Prompt:
Give the listing again word for word. Leave every image out.

Records provided:
------------

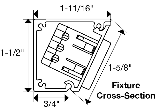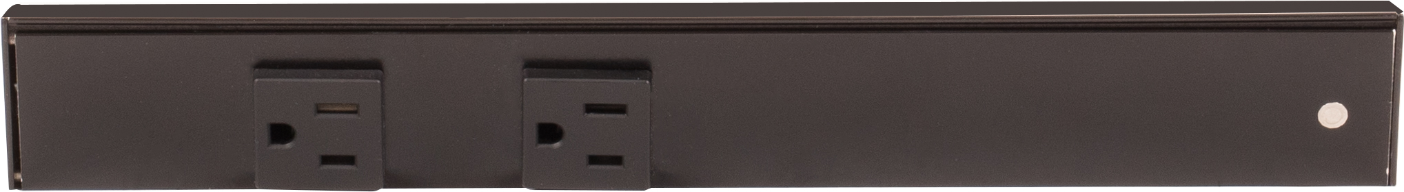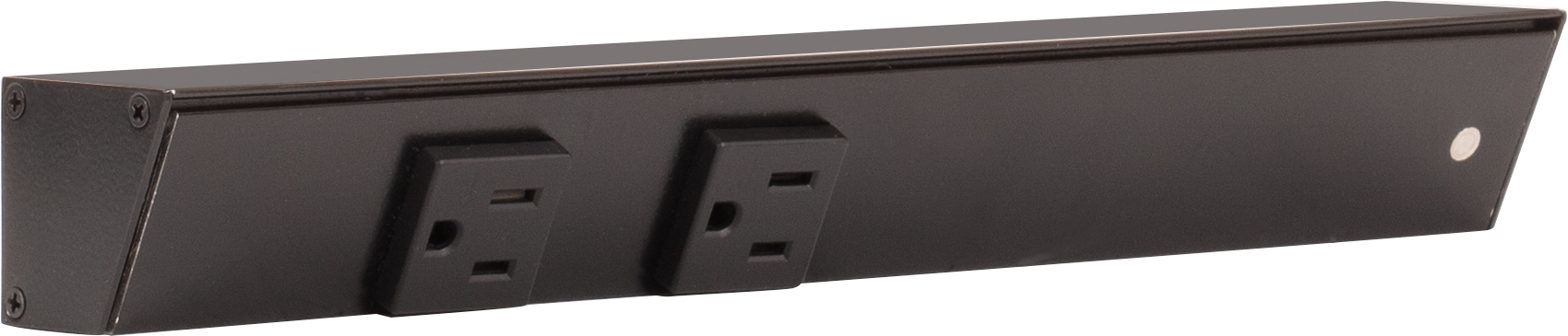 Finish Black Feature 1 Angled design provides easy access to outlets and tucks up under cabinet to disappear at eye level Feature 2 Very compact 1-1/2" profile Feature 3 UL listed fixtures featuring 20-amp tamper-resistant single receptacles that meet code in most markets Feature 4 Standard lengths fit standard cabinet widths for easy ordering Feature 5 Assembled in USA Feature 6 Ships assembled and ready to install, mounting hardware included Feature 7 Durable aluminum profile with a quality powder-coated finish is durable, scratch-resistant, rust-resistant Item Overall Length 12" Item Width 1-11/16" Item Height 1-1/2"
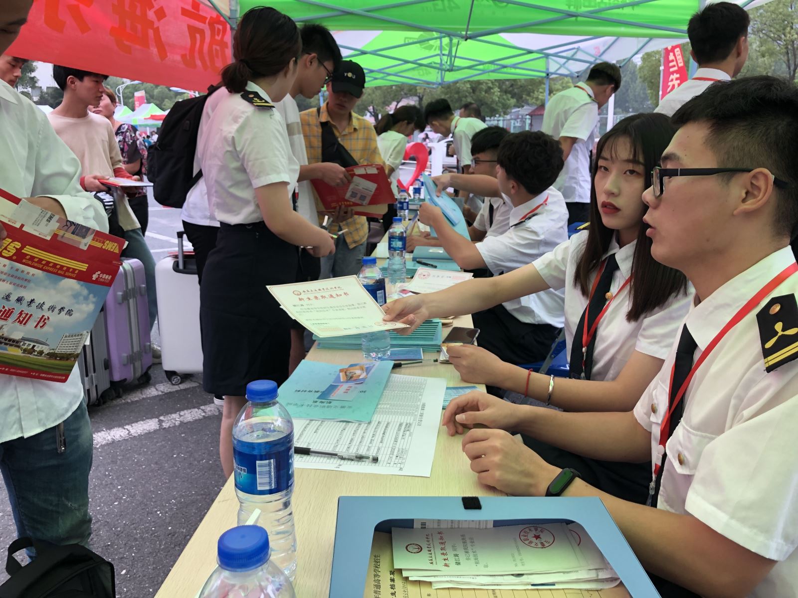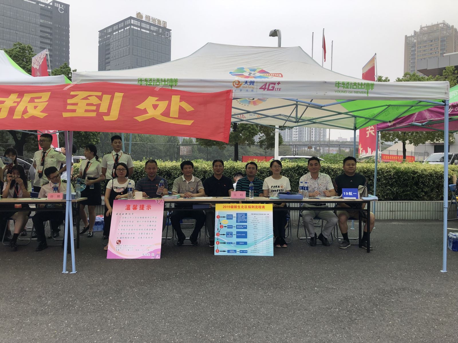 新生报到当天,所有工作有条不紊地进行,迎新的老师和学生各司其职。
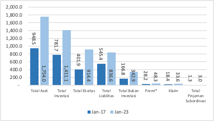 Statistik kunci industri asuransi nasional mencatatkan kinerja positif selama Januaria 2017 – Januari 2023. Beberapa indikator kunci tersebut adalah total aset, total investasi, total ekuitas, total liabilitas, total bukan investasi, premi dan klaim. Total aset industri asuransi pada kurun waktu tersebut naik hampir 2 kali lipat dari angka Rp948,5 triliun (2017) menjadi Rp1.754 triliun pada Januari 2023. Angka ini kurang lebih 8,95 persen dari angka PDB nasional 2022 sebesar Rp19.588,4 triliun.
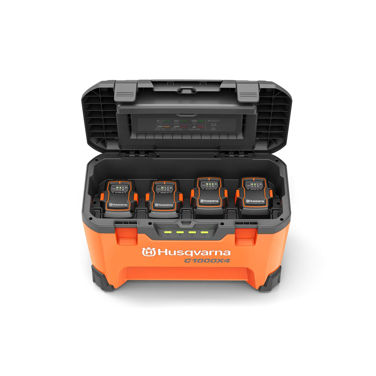 Husqvarna 40-C1000X4 Multi-Rack-Ladebox zum Laden, wo immer du willst - in der Werkstatt, auf der Baustelle, im Auto oder im Anhänger. Die 40-C1000X4 ermöglicht das gleichzeitige Hochleistungsladen (bis zu 1000W) von bis zu vier Husqvarna BLi-X 36V-Akkus in einem Gerät, und dank der intelligenten Lastverteilung werden alle Akkus schnell und effizient geladen. Erfüllt die IPX4-Klassifizierung für Wasserbeständigkeit für den Einsatz unter allen Wetterbedingungen. Ladegerät, Transportbox und Aufbewahrung - die Multi-Rack-Ladebox bietet eine All-in-One Lösung für eine zeitsparende Handhabung der Akkus. Die Akkus sind nicht im Lieferumfang enthalten.
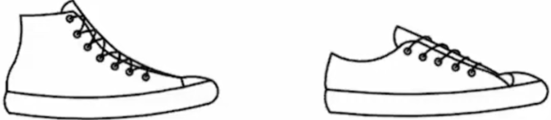 We first start by finding the amount of red and white sneakers. 3/5 * 15=9 red sneakers, so 6 are white sneakers. Then 2/3 * 15=10 are high top sneakers, so 5 are low top sneakers. Now think about 15 slots and the first 10 are labeled high top sneakers. if we insert the last 5 sneakers as red sneakers there are 4 leftover over red sneakers. Putting those four sneakers as high top sneakers we have our answer as C, or \boxed{\dfrac{4}{15}}.
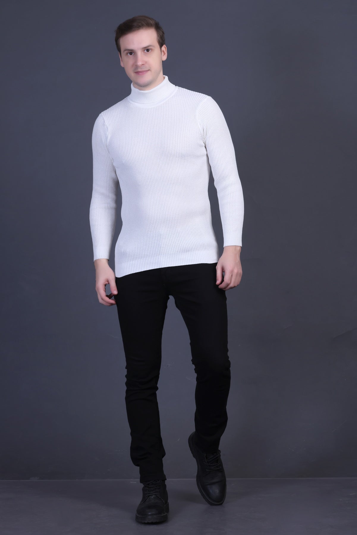 Neckline: Classic high turtleneck design for a sleek, modern look.
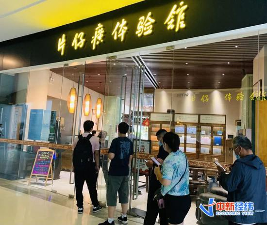 21日早上,中新经纬(微信号:jwveiw)来到片仔癀体验馆北京银河SOHO门店。距离开门时间9点仍有一刻钟,门口已有数人排队。
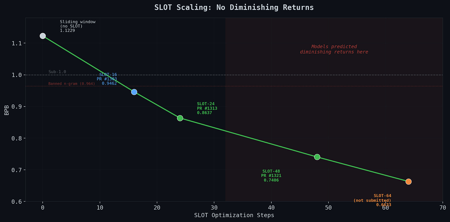 From 1.1229 to 0.9462 with SLOT. That’s 0.177 bpb of improvement from eval-time optimization alone. The model architecture is identical to what I submitted on Day 5. Same weights. Same training. The only difference is what happens after training.
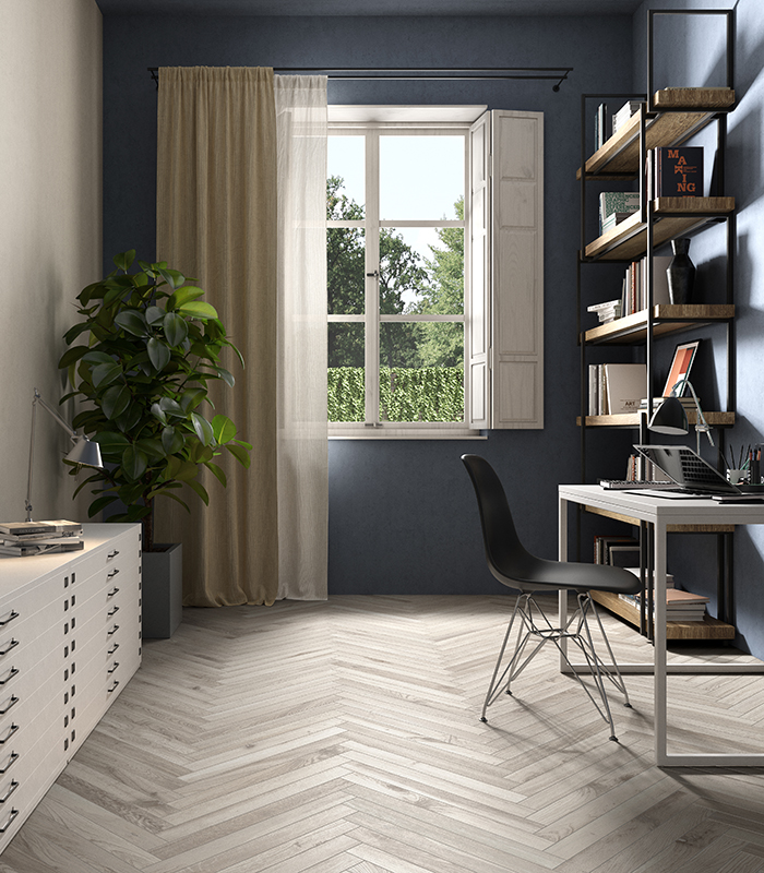 The strip in the Inari color, here elegantly laid in a herringbone pattern, perfectly embodies this technology. The result is a porcelain stoneware that not only faithfully reproduces the veins of precious wood, but offers a soft Natural surface, resistant to wear and absorption. Borealis thus extends the boundaries between interior design and the outdoor world, ensuring an aesthetic and functional foundation for the study or living environment, which today must be both a personal refuge and a professional context.
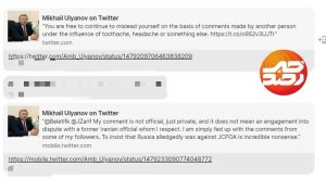 اولیانوف در پاسخ به توییتی خطاب به او که نوشته شده «دکتر ظریف درمورد نقش منفی روسیه در مذاکرات برجام درست گفته بود»، نوشت: شما مختارید که بر اساس نظرات شخص دیگری که تحت تأثیر دندان درد، سردرد یا چیزهای دیگر بوده؛ خود را گمراه کنید.»
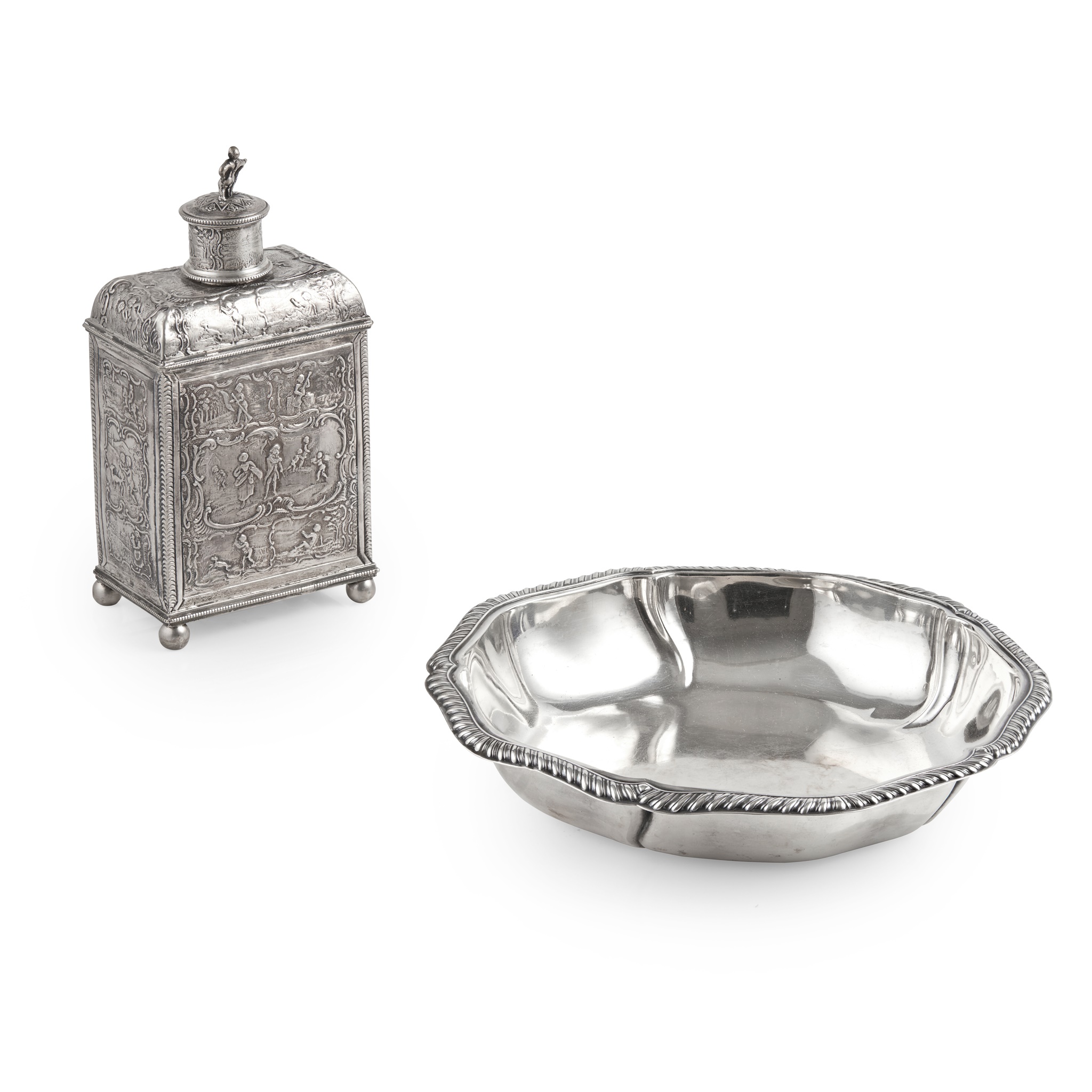 Hendrik Preyer Hoorn, Amsterdam, of rectangular outline, each panel embossed with pastoral scenes, the pull-off lid with applied figural finial, raised on four ball feet; together with a German lobed dish, with gadrooned border
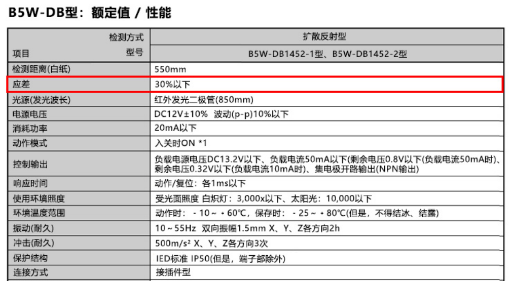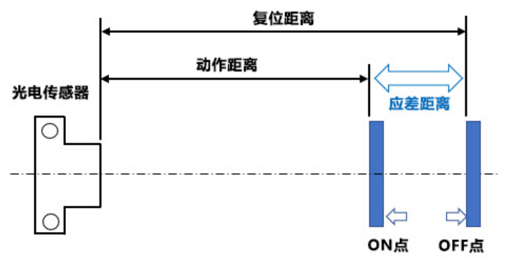 首先跟大家解釋下何為應(yīng)差,應(yīng)差簡而言之就是距離,那是哪里到哪里的距離呢?下文會為大家做一個詳細的舉例說明,其文字描述為反射型光電傳感器時間動作距離與復(fù)位距離之差,稱為“應(yīng)差”。

------------

Completed task:
 Finish Black Feature 1 Angled design provides easy access to outlets and tucks up under cabinet to disappear at eye level Feature 2 Very compact 1-1/2" profile Feature 3 UL listed fixtures featuring 20-amp tamper-resistant single receptacles that meet code in most markets Feature 4 Standard lengths fit standard cabinet widths for easy ordering Feature 5 Assembled in USA Feature 6 Ships assembled and ready to install, mounting hardware included Feature 7 Durable aluminum profile with a quality powder-coated finish is durable, scratch-resistant, rust-resistant Item Overall Length 12" Item Width 1-11/16" Item Height 1-1/2"
 新生报到当天,所有工作有条不紊地进行,迎新的老师和学生各司其职。
 Statistik kunci industri asuransi nasional mencatatkan kinerja positif selama Januaria 2017 – Januari 2023. Beberapa indikator kunci tersebut adalah total aset, total investasi, total ekuitas, total liabilitas, total bukan investasi, premi dan klaim. Total aset industri asuransi pada kurun waktu tersebut naik hampir 2 kali lipat dari angka Rp948,5 triliun (2017) menjadi Rp1.754 triliun pada Januari 2023. Angka ini kurang lebih 8,95 persen dari angka PDB nasional 2022 sebesar Rp19.588,4 triliun.
 Husqvarna 40-C1000X4 Multi-Rack-Ladebox zum Laden, wo immer du willst - in der Werkstatt, auf der Baustelle, im Auto oder im Anhänger. Die 40-C1000X4 ermöglicht das gleichzeitige Hochleistungsladen (bis zu 1000W) von bis zu vier Husqvarna BLi-X 36V-Akkus in einem Gerät, und dank der intelligenten Lastverteilung werden alle Akkus schnell und effizient geladen. Erfüllt die IPX4-Klassifizierung für Wasserbeständigkeit für den Einsatz unter allen Wetterbedingungen. Ladegerät, Transportbox und Aufbewahrung - die Multi-Rack-Ladebox bietet eine All-in-One Lösung für eine zeitsparende Handhabung der Akkus. Die Akkus sind nicht im Lieferumfang enthalten.
 We first start by finding the amount of red and white sneakers. 3/5 * 15=9 red sneakers, so 6 are white sneakers. Then 2/3 * 15=10 are high top sneakers, so 5 are low top sneakers. Now think about 15 slots and the first 10 are labeled high top sneakers. if we insert the last 5 sneakers as red sneakers there are 4 leftover over red sneakers. Putting those four sneakers as high top sneakers we have our answer as C, or \boxed{\dfrac{4}{15}}.
 Neckline: Classic high turtleneck design for a sleek, modern look.
 21日早上,中新经纬(微信号:jwveiw)来到片仔癀体验馆北京银河SOHO门店。距离开门时间9点仍有一刻钟,门口已有数人排队。
 From 1.1229 to 0.9462 with SLOT. That’s 0.177 bpb of improvement from eval-time optimization alone. The model architecture is identical to what I submitted on Day 5. Same weights. Same training. The only difference is what happens after training.
 The strip in the Inari color, here elegantly laid in a herringbone pattern, perfectly embodies this technology. The result is a porcelain stoneware that not only faithfully reproduces the veins of precious wood, but offers a soft Natural surface, resistant to wear and absorption. Borealis thus extends the boundaries between interior design and the outdoor world, ensuring an aesthetic and functional foundation for the study or living environment, which today must be both a personal refuge and a professional context.
 اولیانوف در پاسخ به توییتی خطاب به او که نوشته شده «دکتر ظریف درمورد نقش منفی روسیه در مذاکرات برجام درست گفته بود»، نوشت: شما مختارید که بر اساس نظرات شخص دیگری که تحت تأثیر دندان درد، سردرد یا چیزهای دیگر بوده؛ خود را گمراه کنید.»
 Hendrik Preyer Hoorn, Amsterdam, of rectangular outline, each panel embossed with pastoral scenes, the pull-off lid with applied figural finial, raised on four ball feet; together with a German lobed dish, with gadrooned border
 首先跟大家解釋下何為應(yīng)差,應(yīng)差簡而言之就是距離,那是哪里到哪里的距離呢?下文會為大家做一個詳細的舉例說明,其文字描述為反射型光電傳感器時間動作距離與復(fù)位距離之差,稱為“應(yīng)差”。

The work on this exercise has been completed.